Background and Significance
Cognitive load theory states humans have limited capacity for information processing
via working memory.[1]
[2] As health care complexity increases, processing each patient medical record is now
a considerable challenge. Working memory can be overwhelmed and information can be
lost, impacting patient safety. Wasting working memory on inefficient information
presentation carries high risk. Providers experiencing high cognitive load are hypothesized
to provide poorer care for patients and be at higher risk of providing care influenced
by stereotypes and bias.[3] The period after hospital discharge is a particularly high-risk period for patients,
and studies have shown deficiencies in documentation of hospitalizations, thus adding
to the challenges of providers caring for these patients.[4]

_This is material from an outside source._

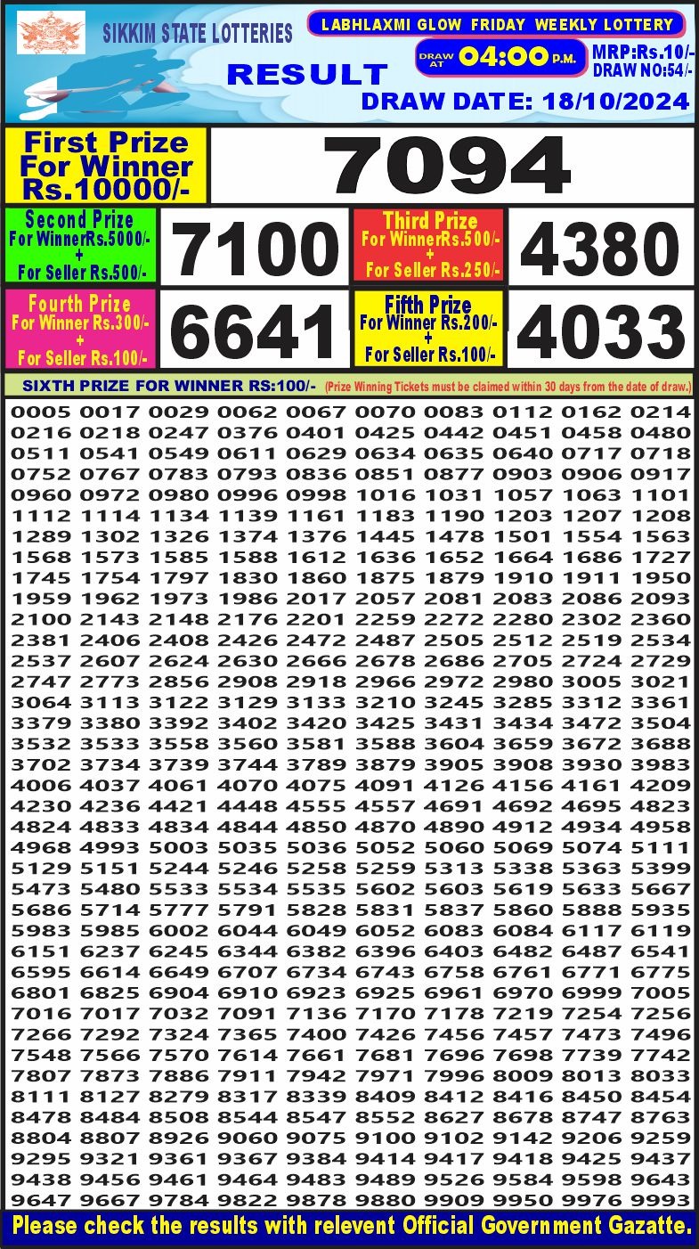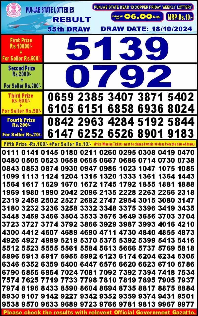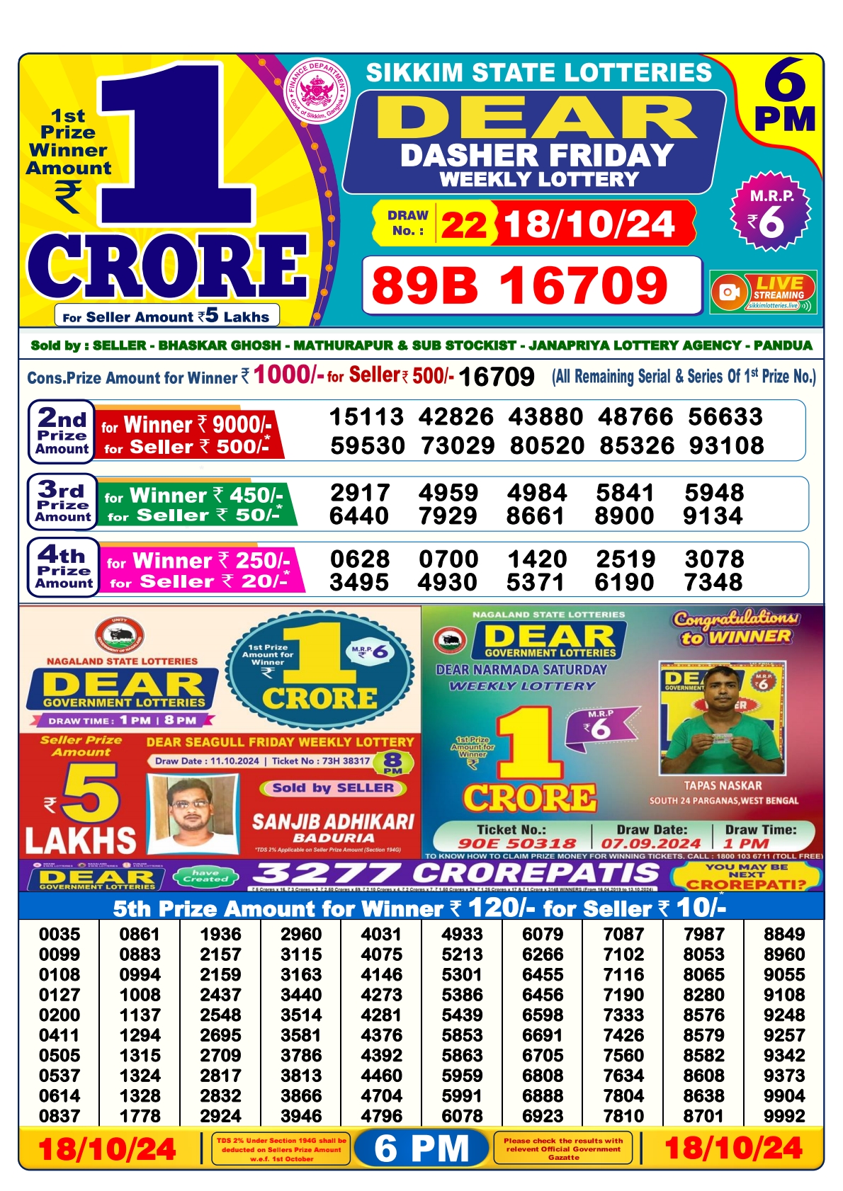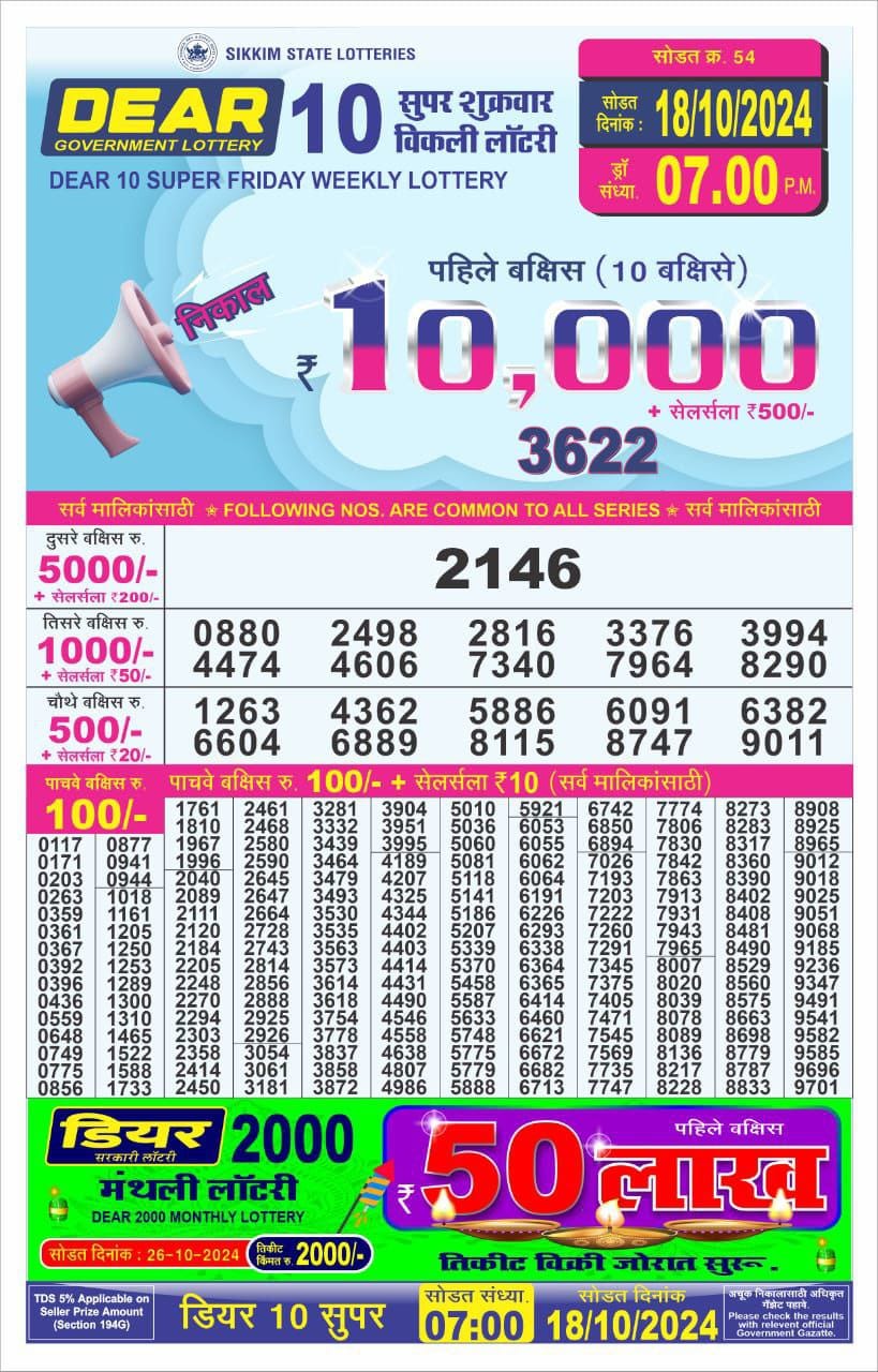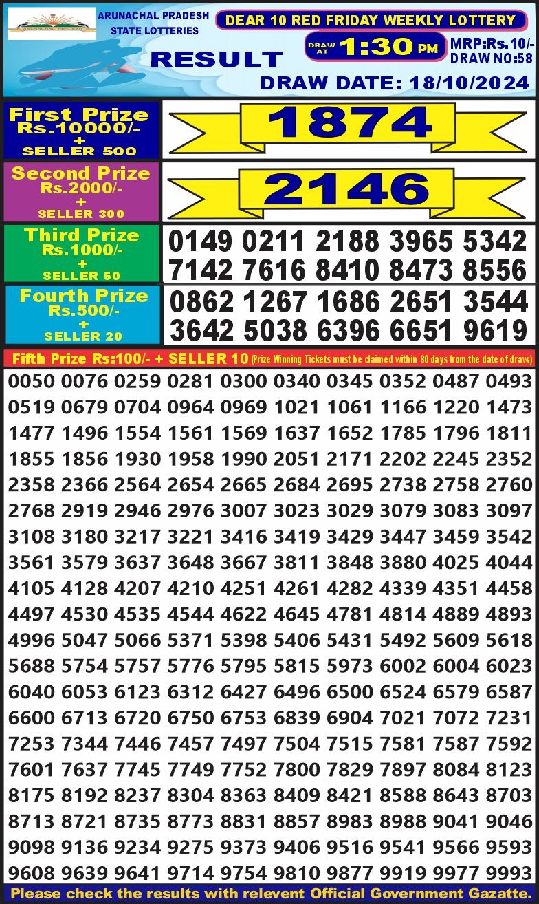 Dear 10 red lottery 1.30PM Result 18/10/24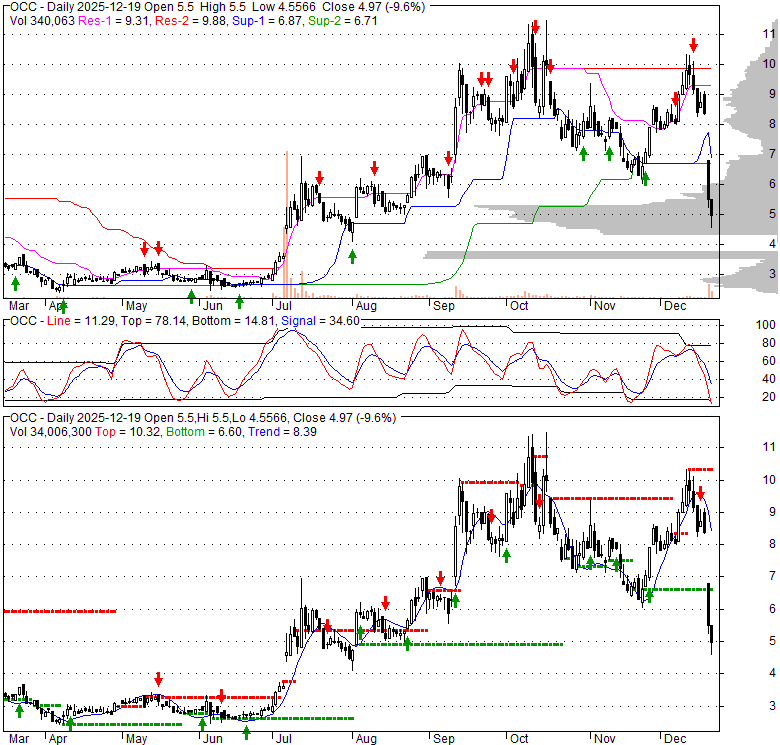 Price has closed below its short-term moving average. Short-term moving average is currently below mid-term; and below long-term moving average. From the relationship between price and moving averages: This stock is BEARISH in short-term; and NEUTRAL in mid-long term.[ OCC ] has closed below the lower bollinger band by 11.9%. Although price has broken the lower band and a downside breakout is possible; the most likely direction for [ OCC ] is to continue within current trading range. It is unclear right now based on current values. 89.9% wider than normal. The large width of the bands suggest high volatility as compared to its normal range. The bands have been in this wide range for 1 days. This is a sign that the current trend might continue.

[5] Electronic health record (EHR) interfaces designed based on information needs of
intensive care physicians demonstrated decreased task load, time to completion, and
cognitive errors.[6] Strengthening this end user-based design by applying the science of cognitive load
theory may further improve providers' ability to process information, reducing potential
errors and fatigue.[6]
[7]
[8]
[9]
Methods
In this randomized controlled nonclinical trial, we developed a posthospitalization
dashboard (PHD), randomized internal medicine residents and faculty to the PHD or
usual care for a simulated standardized posthospital follow-up visit, and collected
data on performance and cognitive load. To design the PHD, we conducted interviews
with internists to identify key content for follow-up visits, consulted with human
factors and cognitive load specialists to design the user interface, and prototyped
the PHD for feedback and refinement. Using cognitive load theory, information presentation
was optimized to minimize extraneous cognitive load due to split attention[10] (e.g., having to consult several information sources for a comprehensive picture
of the patient's status). We pulled information via live data services from our EHR
(Epic, Verona, Wisconsin, United States) to populate the PHD ([Fig. 1]). Due to time and budget constraints, we simulated data extraction in a few cases
where live data services were not yet available. This study was approved by the Brigham
and Women's human subjects research committee.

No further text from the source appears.